6.5. Waivers. No waiver by any party hereto of any default with respect to any provision, condition or requirement of this Agreement shall be deemed to be a continuing waiver in the future or a waiver of any other provision, condition or requirement hereof, nor shall any delay or omission of any party to exercise any right hereunder in any manner impair the exercise of any such right accruing to it thereafter. This provision constitutes a separate right granted to the Purchaser by the Company and DSR.
6.6. Headings. The article, section and subsection headings in this Agreement are for convenience only and shall not constitute a part of this Agreement for any other purpose and shall not be deemed to limit or affect any of the provisions hereof.

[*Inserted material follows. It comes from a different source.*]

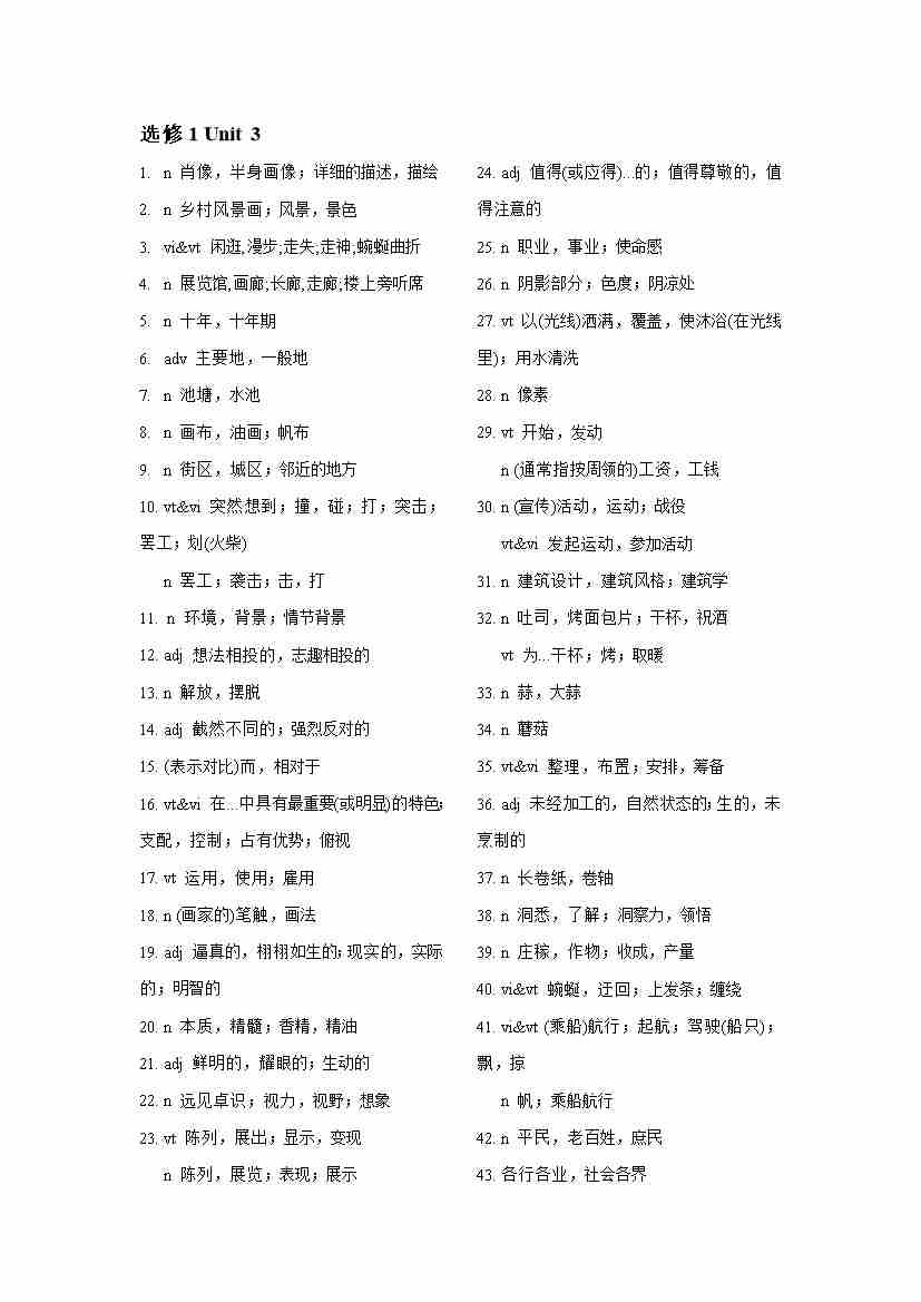 选择性必修第一册Unit3单词表(英译汉、汉译英)

6.7. Successors and Assigns. This Agreement shall be binding upon and inure to the benefit of the parties and their successors and assigns. The Purchaser may assign the Securities and its rights under this Agreement and the other Transaction Documents and any other rights hereto and thereto without the consent of the Company or DSR. Neither the Company nor DSR may assign or delegate any of its rights or obligations hereunder or under any Transaction Document.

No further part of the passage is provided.